56th Mayor of New Orleans
- In office May 4, 1970 – May 1, 1978
- Preceded by: Victor H. Schiro
- Succeeded by: Ernest Nathan Morial

33rd President of the United States Conference of Mayors
- In office 1975–1976
- Preceded by: Joseph Alioto
- Succeeded by: Kenneth A. Gibson

Member of the New Orleans City Council from the at-large district
- In office 1966–1970
- Preceded by: Joseph V. DiRosa
- Succeeded by: James A. Moreau

Member of the Louisiana House of Representatives from the 12th district
- In office 1960–1966
- Preceded by: J. Marshall Brown
- Succeeded by: Eddie L. Sapir

Judge of the Louisiana Court of Appeals for the Fourth Circuit
- In office 1992–2000
- Succeeded by: Max N. Tobias, Jr.
- Constituency: 1st district, division D

Personal details
- Born: Maurice Edwin Landrieu July 23, 1930 New Orleans, Louisiana, U.S.
- Died: September 5, 2022 (aged 92) New Orleans, Louisiana, U.S.
- Party: Democratic
- Spouse: Verna Satterlee ​(m. 1954)​
- Children: 9, including Mary and Mitch
- Education: Loyola University New Orleans (BA, JD)

Military service
- Branch/service: United States Army
- Years of service: 1954–1957

= Moon Landrieu =

American politician (1930–2022)

Moon Edwin Landrieu (born Maurice Edwin Landrieu; July 23, 1930 – September 5, 2022) was an American lawyer and politician who served as the 56th mayor of New Orleans from 1970 to 1978. A member of the Democratic Party, he represented New Orleans' Twelfth Ward in the Louisiana House of Representatives from 1960 to 1966. He served on the New Orleans City Council as a member at-large from 1966 to 1970, and was the United States Secretary of Housing and Urban Development under U.S. president Jimmy Carter from 1979 to 1981.

He was the last white mayor of New Orleans until 2010, when his son Mitch was elected mayor.

== Early life and career ==
Landrieu was born in Uptown New Orleans to Joseph Geoffrey Landrieu and Loretta Bechtel. Bechtel was of French and German descent, with grandparents who came to Louisiana from Alsace and Prussia. Joseph was born in 1892 in Mississippi, the son of Frenchman Victor Firmin Landrieu and Cerentha Mackey, the out-of-wedlock child of a black woman and an unknown father.

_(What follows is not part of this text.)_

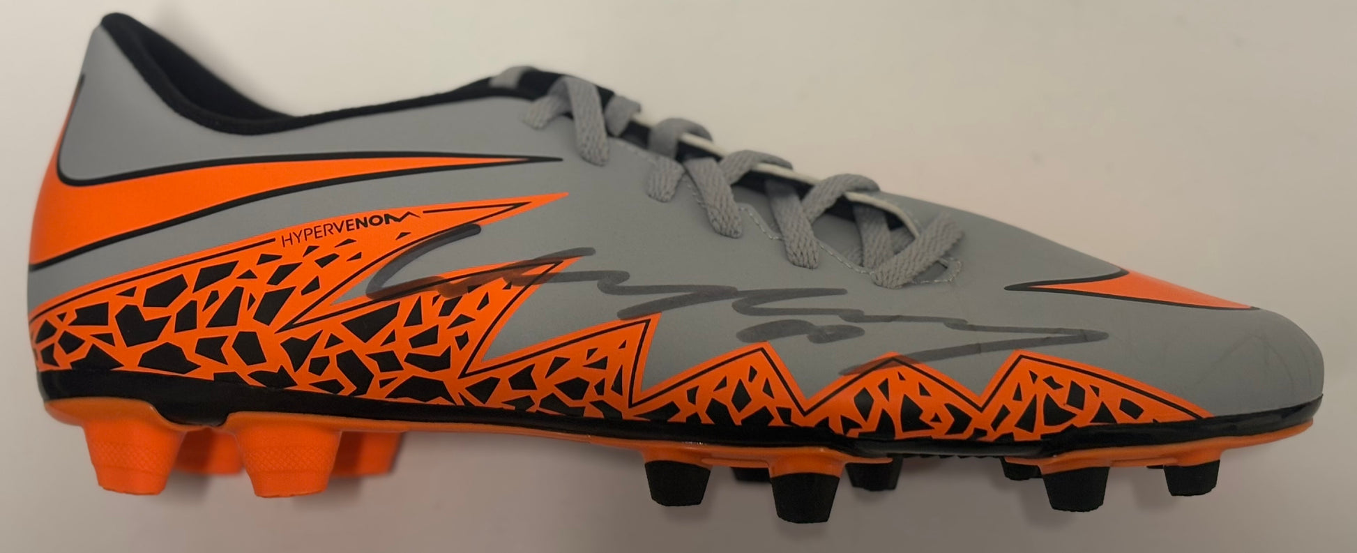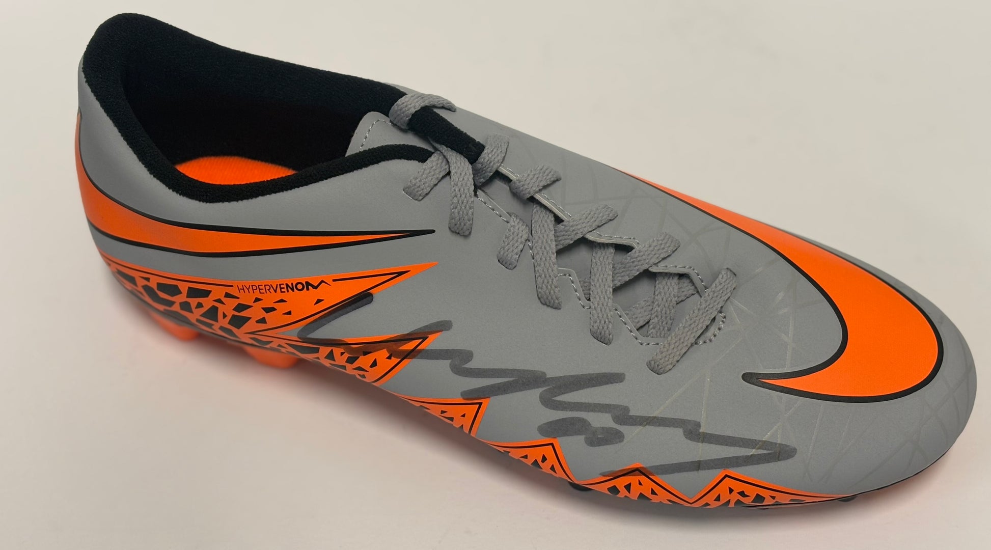 Score some major points with this signed Wayne Rooney football boot, Manchester United FC Legend! The grey and orange Nike boot comes with a certificate of authenticity, and is sure to please any ultimate fan. With 393 appearances for Man U, this signed boot is a true collector's item for fans of Wayne Rooney.
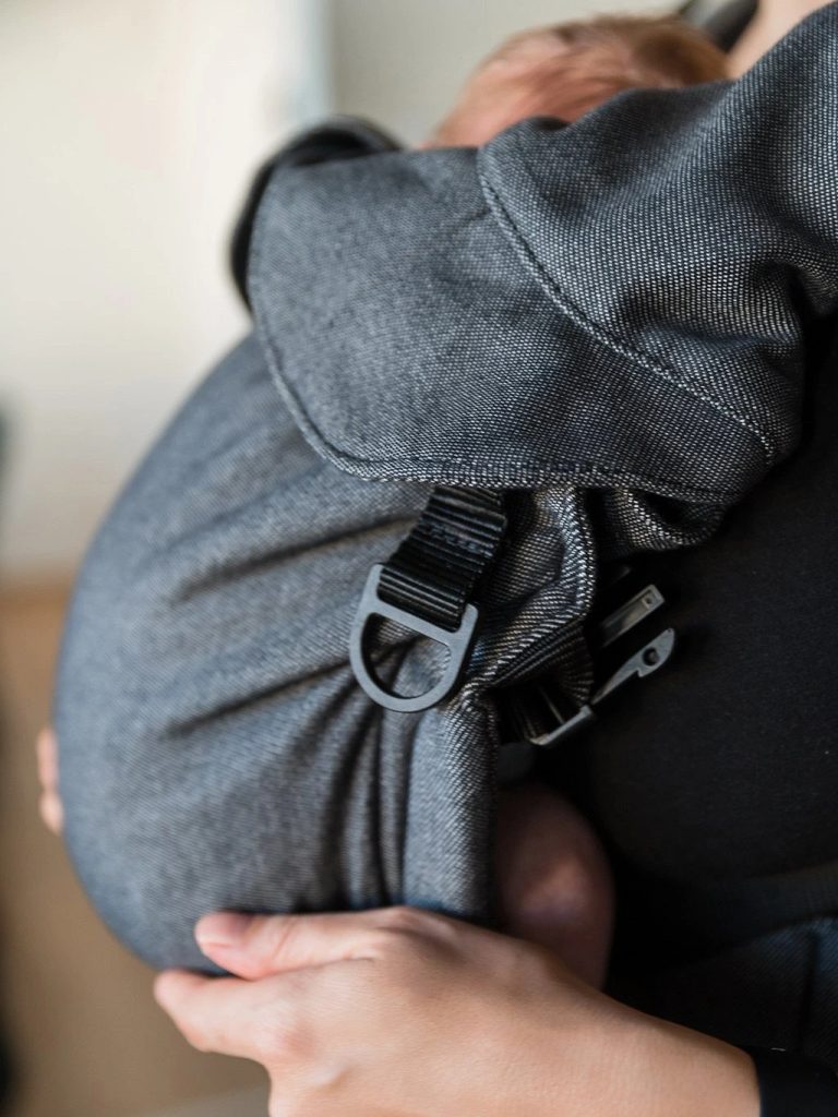 K nosítku je napevno přišitá opěrka hlavičky, kterou můžete jednoduše zajistit spícím dětem hlavičku před klimbnutím. K ramenním popruhům se připíná jednoduchým zavléknutím oček na koncích gumiček za plastové háčky.

Landrieu went to Jesuit High School and received a baseball scholarship to Loyola University New Orleans, where he played college baseball as a pitcher. He earned a Bachelor of Arts in business administration in 1952 and a Juris Doctor in 1954. As an undergraduate, he was elected the student body president at Loyola. In 1954, he joined the United States Army as a second lieutenant and served in the Judge Advocate General's Corps until 1957. Upon completion of army service, he opened a law practice and taught accounting at Loyola.

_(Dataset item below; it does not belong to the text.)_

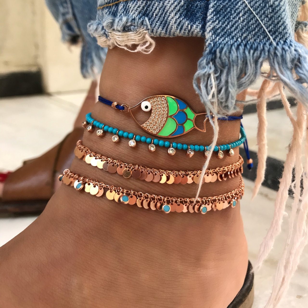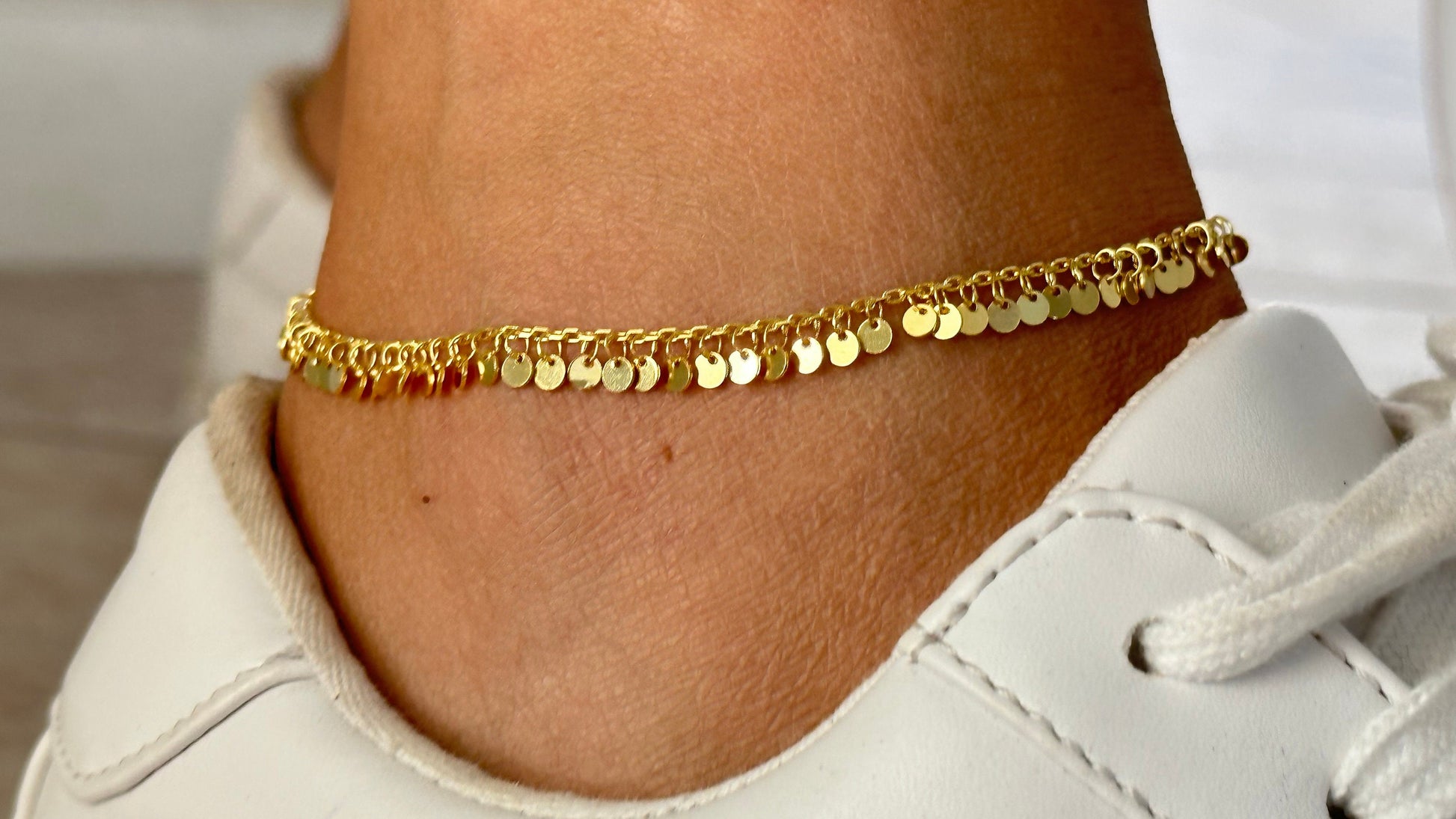 Gold Ankle Bracelet, Trendy Dangle Anklet, Mother's Day Gift, Girlfriend Gift, Summer Anklet, Beach Jewelry, Sterling Silver Chain anklet

In the late 1950s, Landrieu became involved in the youth wing of the mayor deLesseps Morrison's Crescent City Democratic Organization. Running on Morrison's ticket, Landrieu was elected by the 12th Ward of New Orleans to the Louisiana House of Representatives in 1960. There he voted against the "hate bills" of the segregationists, which the Louisiana State Legislature passed in the effort to thwart the desegregation of public facilities and public schools.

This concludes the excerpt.